┌──

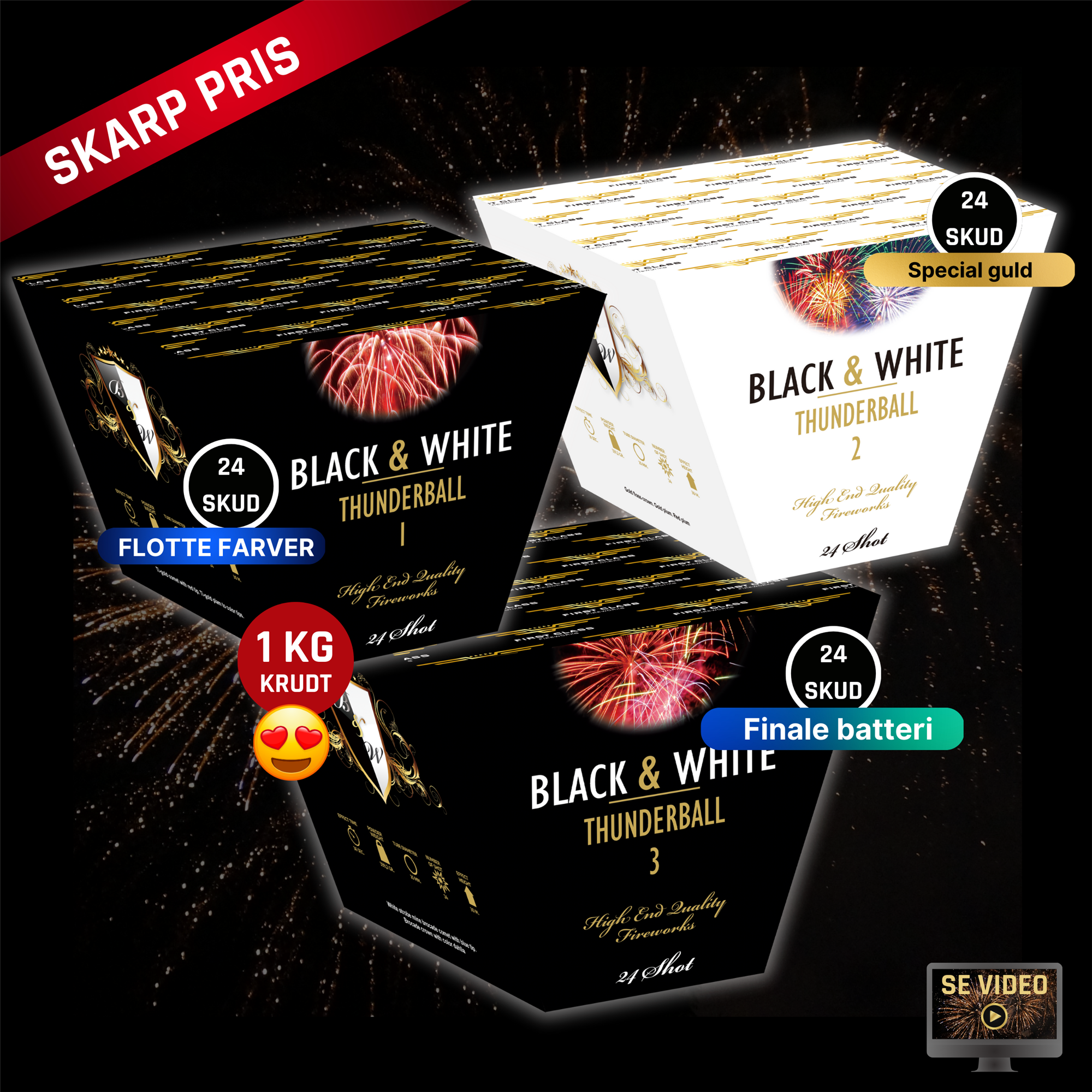 Vores imponerende Thunderball sortiment præsenterer tre fortryllende 24 skuds nytårs batterier, hver med sit unikke tema og raffinerede guld-effekter.
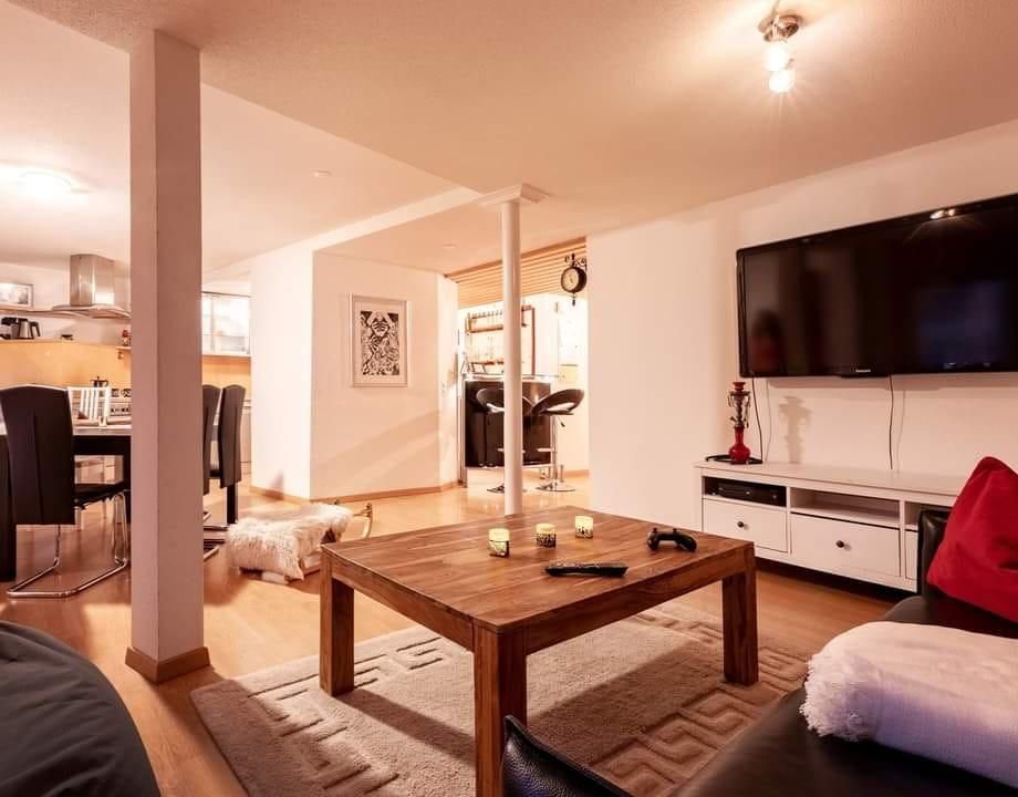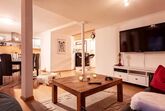 • Wohnbereich: Ein geräumiges Wohnzimmer mit einem großen Flatscreen-TV, der den Zugriff auf verschiedene Streaming-Dienste ermöglicht.
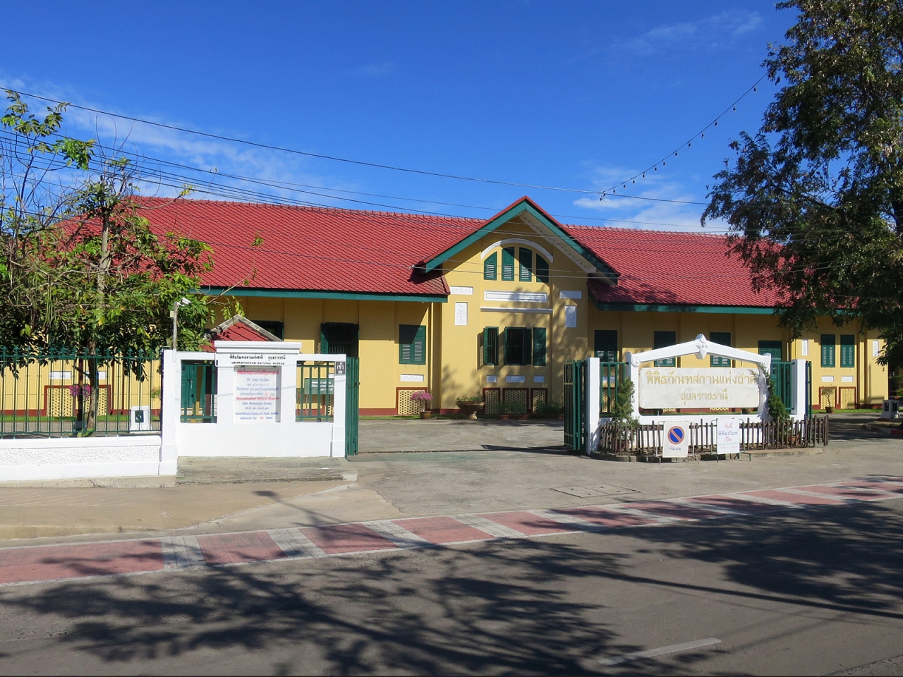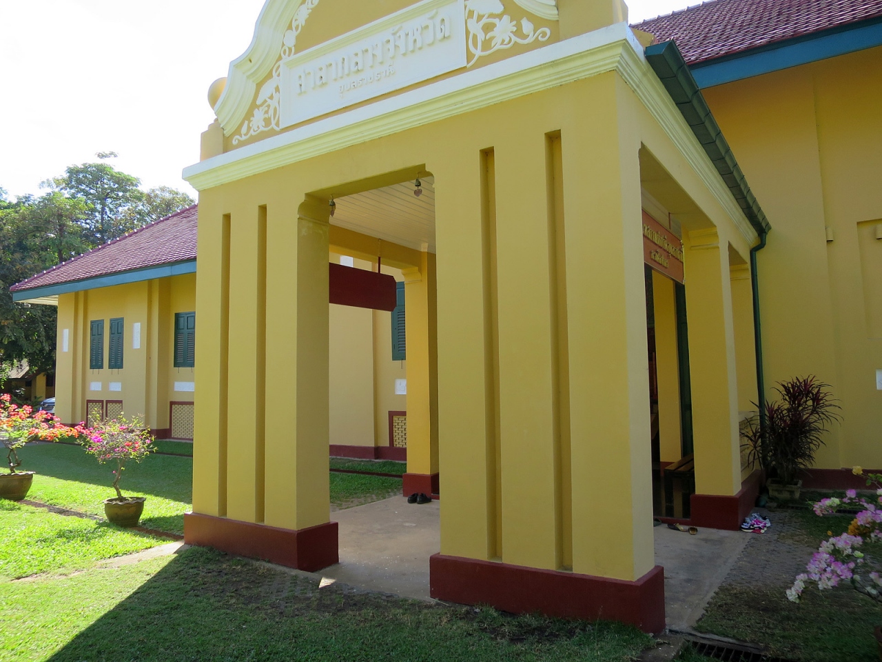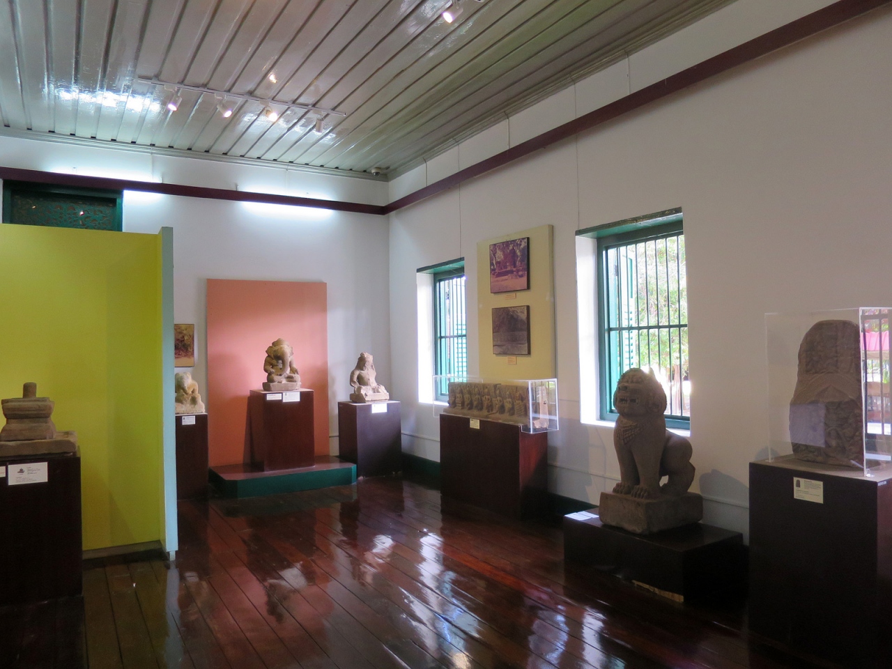 博物館の敷地に入り、左奥へ回り込むとチケット売り場があります。売り場のオバちゃんは髪を見ながらピンセットで白髪を抜く作業に勤しんでいましたが、私が「1人です」と伝えると「日本人?」と尋ねてきました。来館者の統計を取っていると考えることもできますが、外国人料金の適応の確認かもしれません。ちなみに入館料は100THBでした。入口で履物を脱いで館内に入ると、若いお姉さんがチケットに鋏を入れてくれます。かつて市庁舎でもあった建物はあまり広くはありませんが、内側に庭のある回廊式で趣きがあります。もちろんエアコンはありませんが、乾季でもあり、日陰というだけで涼しく感じられました。展示テーマは歴史・民族で、パー・テムにある先史時代の壁画のレプリカもありますが、古代の石像の数々は、その分野に疎い私であっても「凄いなぁ」と思わせるものがありました。また展示品の見せ方も西洋式で、ほとんどの展示品はガラスケースに入っておらず、見学者の善意にまかせる方式でしたが、お国柄ですね。また展示室や展示品の中には経年劣化や傷みが目立つものもあり、もう少し整備が必要だと思いました。あっ、屋外にも展示品がありますので、見逃さないようお願いします。

└──

- Work to complete -
Write the listing above out again word for word, excluding all images.

- Response below -
 Vores imponerende Thunderball sortiment præsenterer tre fortryllende 24 skuds nytårs batterier, hver med sit unikke tema og raffinerede guld-effekter.
 • Wohnbereich: Ein geräumiges Wohnzimmer mit einem großen Flatscreen-TV, der den Zugriff auf verschiedene Streaming-Dienste ermöglicht.
 博物館の敷地に入り、左奥へ回り込むとチケット売り場があります。売り場のオバちゃんは髪を見ながらピンセットで白髪を抜く作業に勤しんでいましたが、私が「1人です」と伝えると「日本人?」と尋ねてきました。来館者の統計を取っていると考えることもできますが、外国人料金の適応の確認かもしれません。ちなみに入館料は100THBでした。入口で履物を脱いで館内に入ると、若いお姉さんがチケットに鋏を入れてくれます。かつて市庁舎でもあった建物はあまり広くはありませんが、内側に庭のある回廊式で趣きがあります。もちろんエアコンはありませんが、乾季でもあり、日陰というだけで涼しく感じられました。展示テーマは歴史・民族で、パー・テムにある先史時代の壁画のレプリカもありますが、古代の石像の数々は、その分野に疎い私であっても「凄いなぁ」と思わせるものがありました。また展示品の見せ方も西洋式で、ほとんどの展示品はガラスケースに入っておらず、見学者の善意にまかせる方式でしたが、お国柄ですね。また展示室や展示品の中には経年劣化や傷みが目立つものもあり、もう少し整備が必要だと思いました。あっ、屋外にも展示品がありますので、見逃さないようお願いします。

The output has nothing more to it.